In this study, we conceive of school effects broadly—as encompassing the aforementioned teaching and nonteaching-related factors—and use two-level hierarchical linear models (HLMs) to estimate their persistence on students’ test score and non–test score outcomes over a 4-year period. We focus specifically on middle school effects for theoretical and methodological reasons. Theoretically, middle schools enroll students at a key transition period in their K–12 schooling careers, when a host of factors with long-term implications, ranging from curricular choices to self-esteem to intrinsic motivation, are revisited and reformed (Anderman & Maehr, 1994; Rathunde & Csikszentmihalyi, 2005; Wigfield et al., 1991). Methodologically, focusing on middle school allows us to leverage both pretreatment test scores and posttreatment outcomes—the former to control for initial student achievement, which prior studies have confirmed is required to reduce bias, and the latter to track student outcomes into high school and beyond.
We use a rich longitudinal data set that follows three cohorts of Massachusetts public school students—123,261 in total—who entered seventh grade between 2004 and 2006 as they move from elementary school through secondary school and into college. In our main analyses, we estimate middle schools’ value-added effects on math scores at the end of the “treatment” (i.e., eighth grade) and 2 years posttreatment (i.e., 10th grade) and estimate the stability of these value-added effects across three cohorts. For one cohort of students, we also examine middle schools’ effects on the likelihood of 4-year college enrollment.
We find that middle schools’ effects on student achievement endure beyond the initial treatment years, lasting more than 4 years after students leave middle school. Comparing our estimates of school effects to existing estimates of individual teacher effects, school effects appear initially smaller but nearly as stable across years and potentially more persistent than are the latter when measured over similar timeframes. Moreover, our estimates suggest middle schools may have a stronger influence on desirable non–test score outcomes, such as 4-year college enrollment, than do individual teachers. Importantly, sizable middle school effects on 10th-grade math scores and college enrollment remain, even after accounting for high school and district sorting patterns.

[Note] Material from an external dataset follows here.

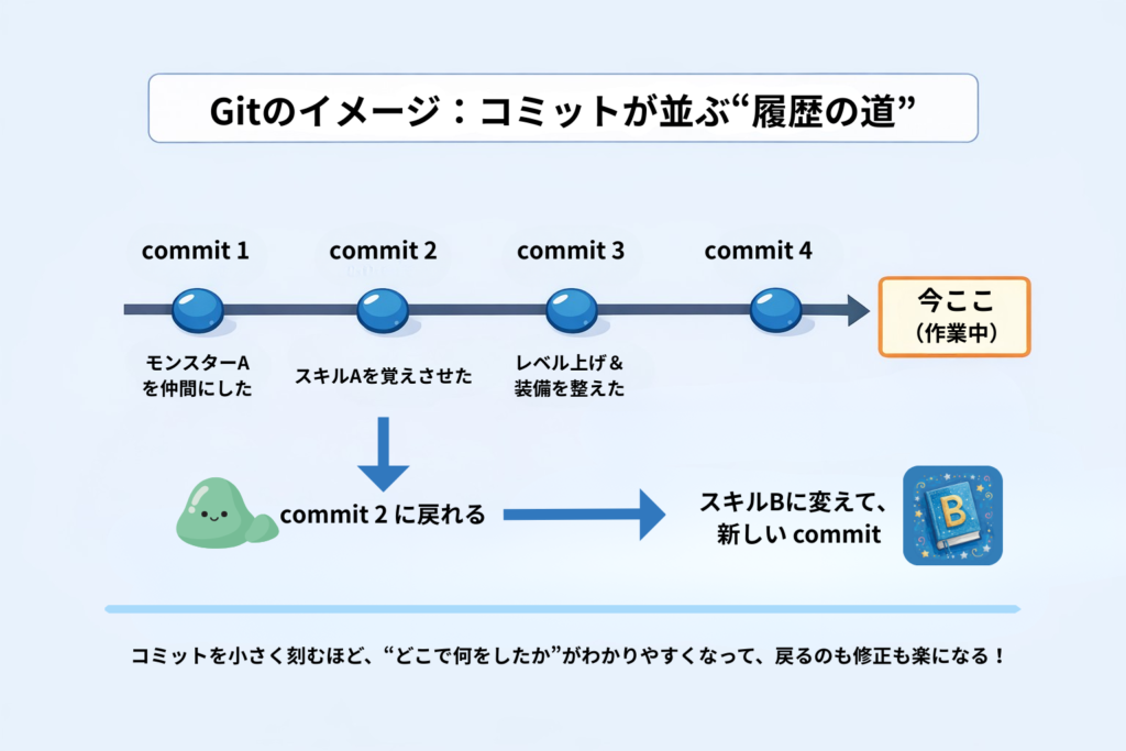 Gitとは、作業の区切りごとに「セーブ(コミット)」を作っておいて、あとから好きな地点に戻れる仕組みです。

Our findings, based on two-level models, motivate future research that employs longitudinal data sets and three-level models to disentangle what portion of schools’ persistent effects are driven by teaching and nonteaching-related factors. If such analyses confirm sizable, stable, and durable school effects—even when accounting for school-level differences in individual teacher quality—then educational evaluation systems should reduce the disparity in emphasis on teacher versus school effects, examining the size and precise sources of both teachers’ and schools’ long-term impacts on test score and non–test score outcomes.

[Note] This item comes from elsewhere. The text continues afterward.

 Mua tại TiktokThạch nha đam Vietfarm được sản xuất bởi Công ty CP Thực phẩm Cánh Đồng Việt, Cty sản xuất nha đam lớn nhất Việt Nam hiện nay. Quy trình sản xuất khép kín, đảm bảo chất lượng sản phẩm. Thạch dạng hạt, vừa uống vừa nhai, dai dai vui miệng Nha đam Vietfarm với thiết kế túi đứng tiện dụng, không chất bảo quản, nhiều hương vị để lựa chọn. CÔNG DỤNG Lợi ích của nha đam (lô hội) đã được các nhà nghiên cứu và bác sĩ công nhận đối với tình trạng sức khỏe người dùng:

The Existence and Persistence of Middle School Effects
Evaluating schools’ and teachers’ effects on students’ standardized test scores has been a central occupation of policymakers and education researchers since the late 1990s. In 2002, NCLB codified this orientation into federal law. The far-reaching legislation focused exclusively on schools’ levels of achievement, requiring every state to assess its schools by setting proficiency standards in reading and math. Critics noted that requiring all students in a given state to reach the same absolute level of proficiency imposed a heavier burden on schools serving predominantly low-income, minority students than on schools with more advantaged pupils (Ballou et al., 2004).
Value-added models address this concern by comparing the gains of students in different schools and classrooms who not only have the same initial test scores but also come from families with similar observable sociodemographic characteristics. Absent random assignment, such models cannot control for all the compositional differences across schools and classrooms. Many scholars have mused that differential sorting of students across schools and classrooms on the basis of unobserved factors correlated with future achievement may bias value-added estimates of school and teacher effects (Hanushek & Rivkin, 2012; Reardon & Raudenbush, 2009; Rothstein, 2010).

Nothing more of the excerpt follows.